- Born: 1966 (age 59–60) Jódar, Jaén, Spain
- Education: University of Granada
- Known for: Evolutionary algorithms, fuzzy systems, decision-making systems
- Scientific career
- Fields: Artificial intelligence, Data mining, Soft computing
- Workplaces: University of Granada

= Francisco Herrera Triguero =

Spanish computer scientist (born 1966)

Francisco Herrera Triguero (born 1966) is a Spanish computer scientist and professor whose research focuses on artificial intelligence, particularly soft computing techniques such as evolutionary algorithms and fuzzy logic, with applications in data mining and decision-making.

He is a full professor in the Department of Computer Science and Artificial Intelligence at the University of Granada and has held senior leadership roles at the Andalusian inter-university institute DaSCI (Data Science and Computational Intelligence).

== Early life and education ==
Herrera was born in Jódar (Jaén) in 1966 and studied at the University of Granada, where he later completed doctoral work in artificial intelligence.

== Academic career ==
He joined the Department of Computer Science and Artificial Intelligence at the University of Granada, where he later became a full professor.

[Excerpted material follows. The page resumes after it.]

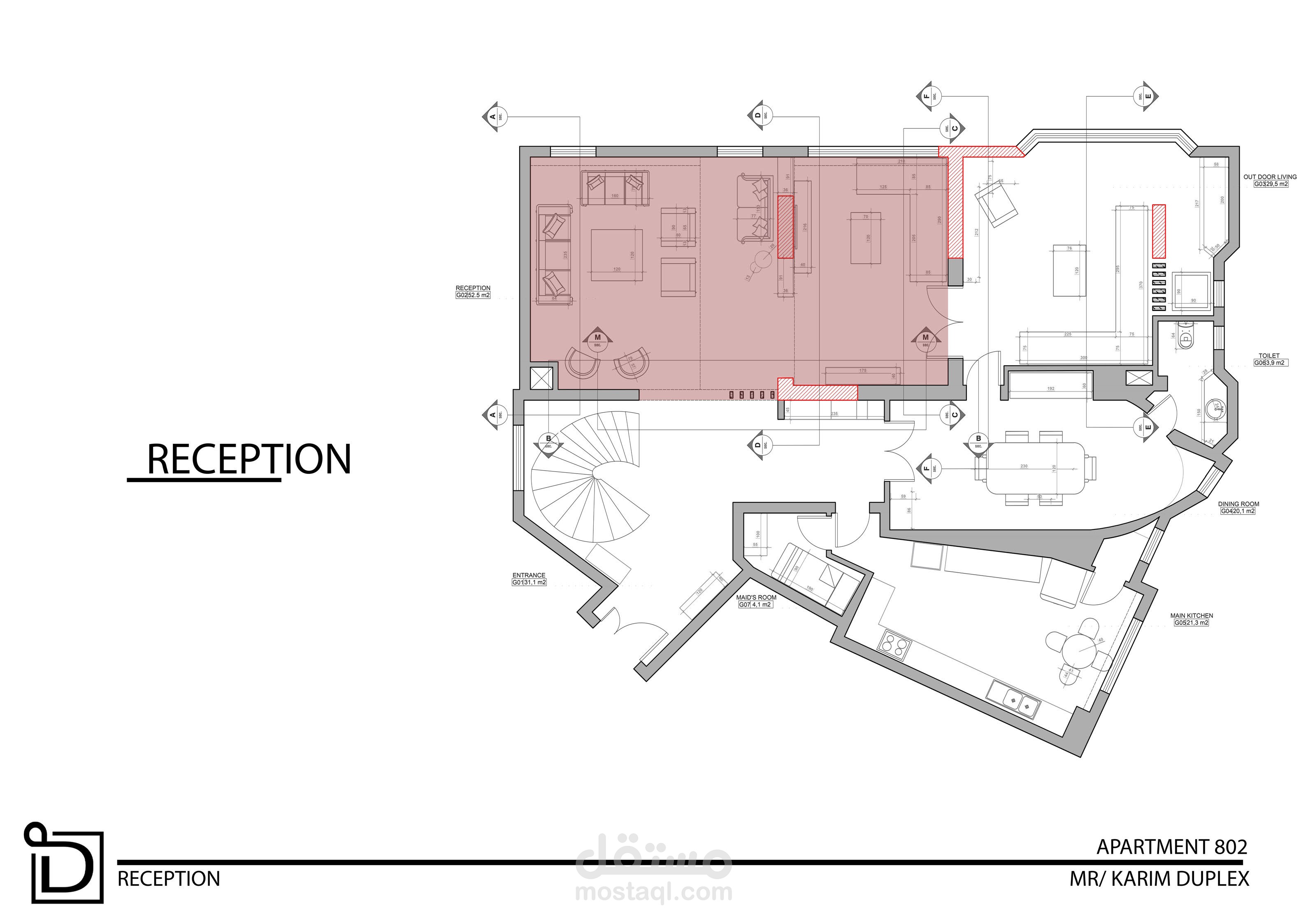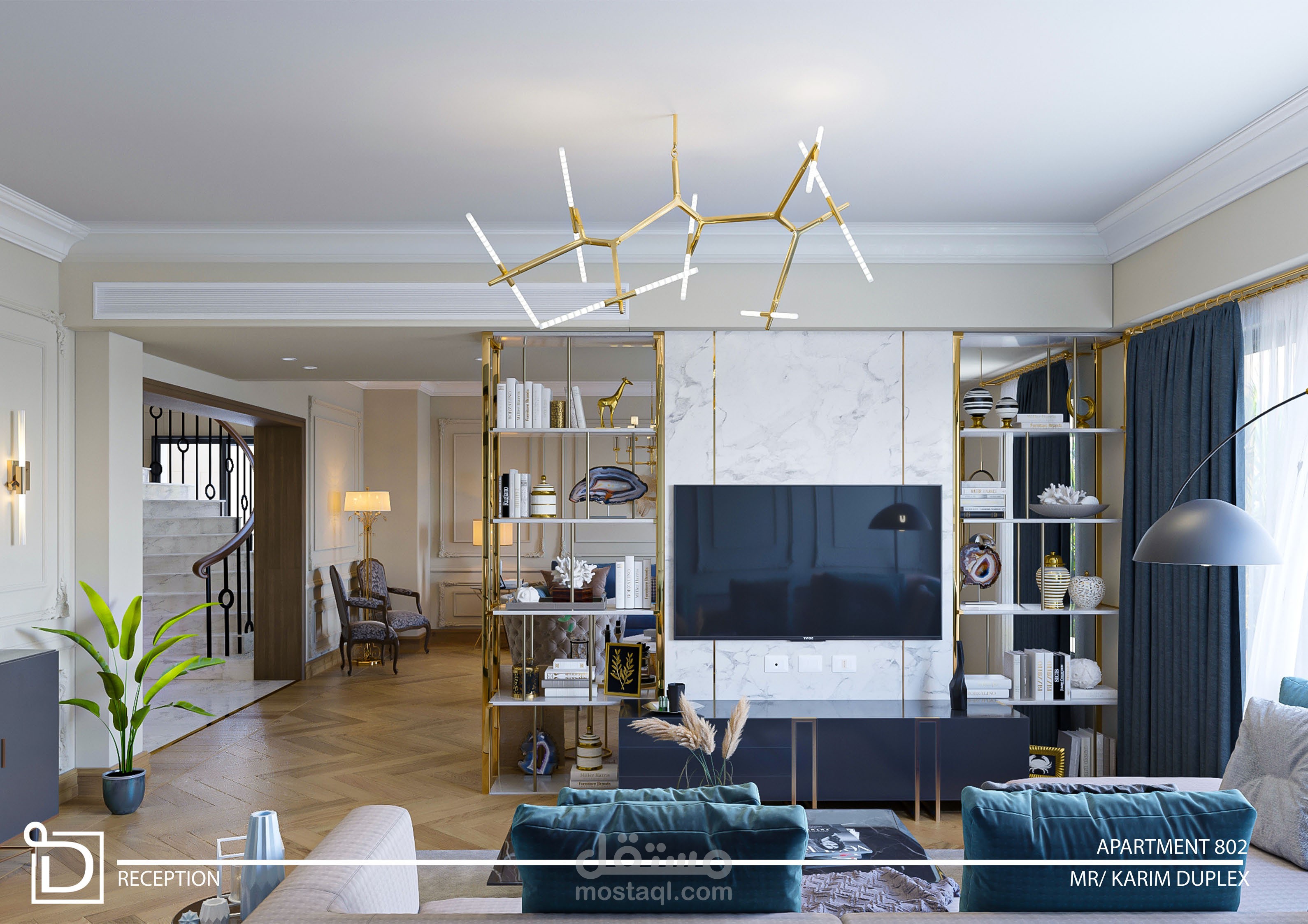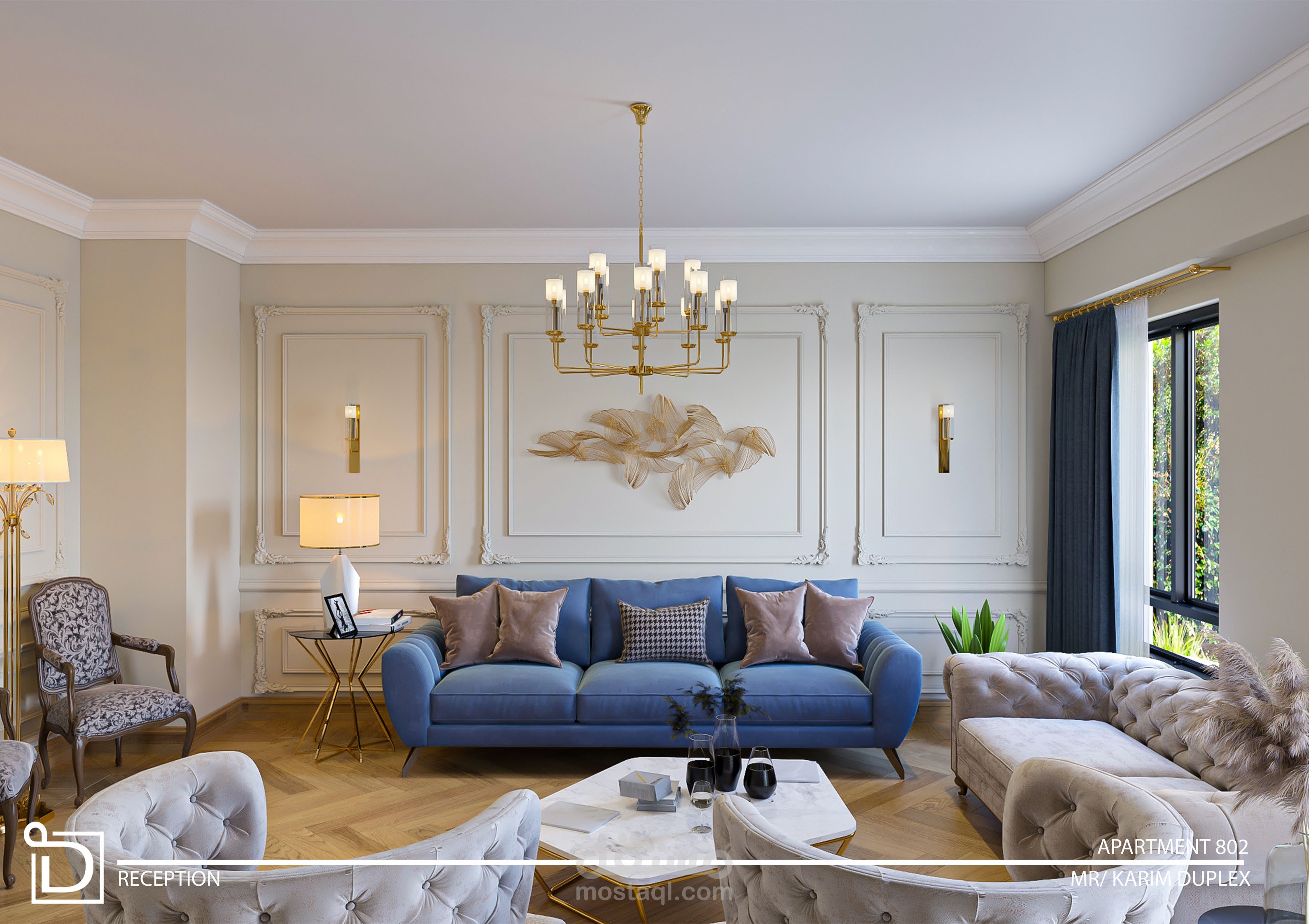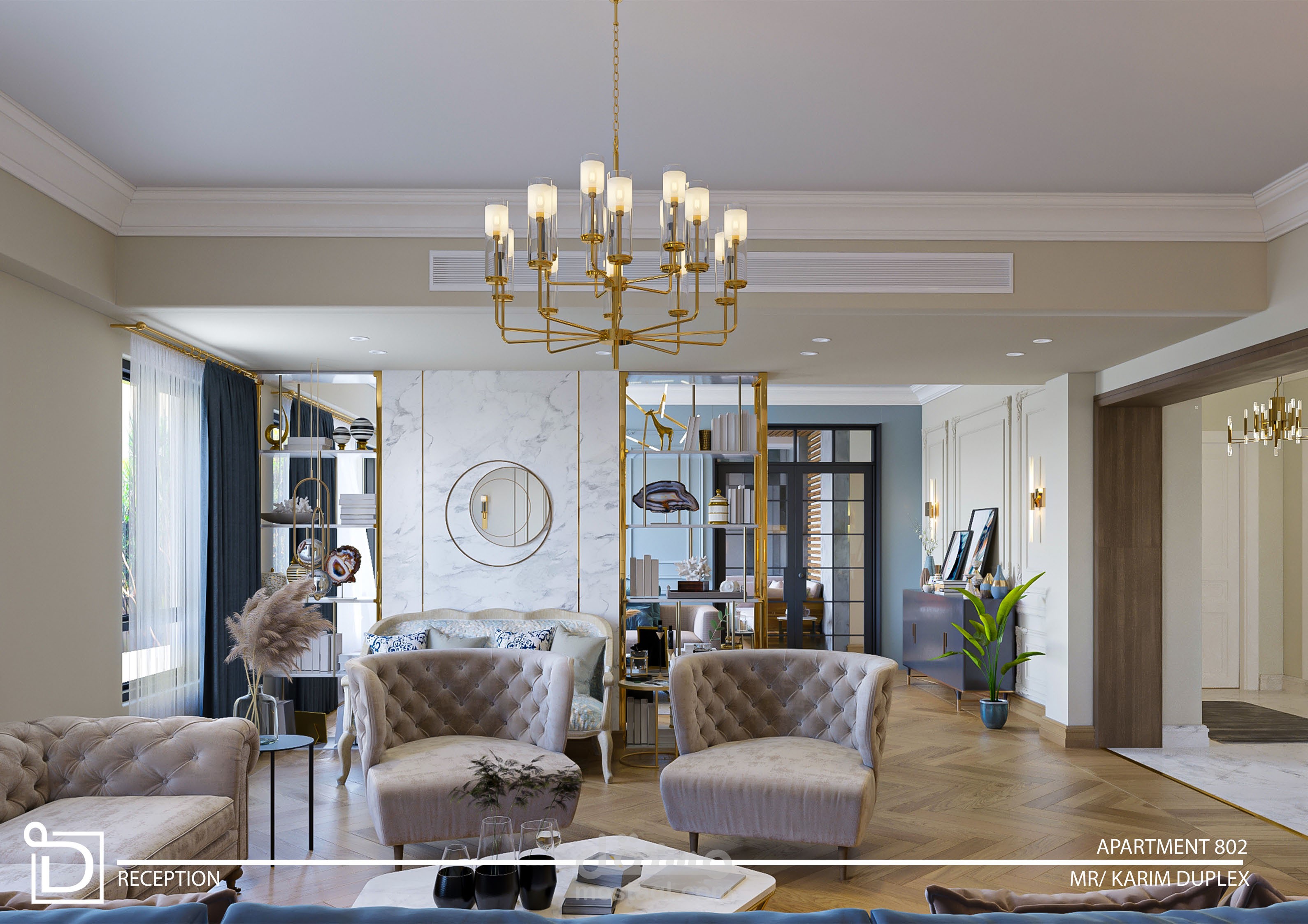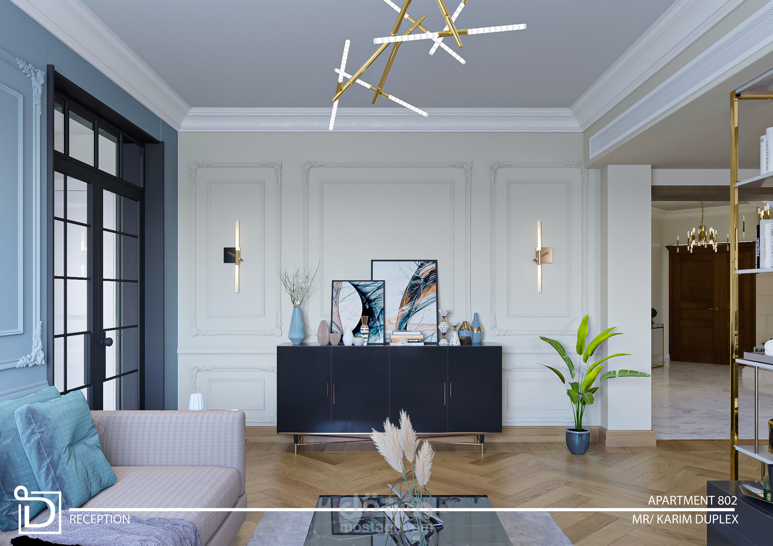 تصميم داخلي ثلاثي الابعاد لمنطقة الاستقبال

His has worked in the fields of computer science and engineering.

Since 2018, he has been associated with the leadership of DaSCI, a research institute established by the universities of Granada and Jaén to promote research in data science and computational intelligence.

== Research ==
Herrera’s research has focused on soft computing, including evolutionary computation and fuzzy systems, as well as their application to data mining and intelligent decision-making systems.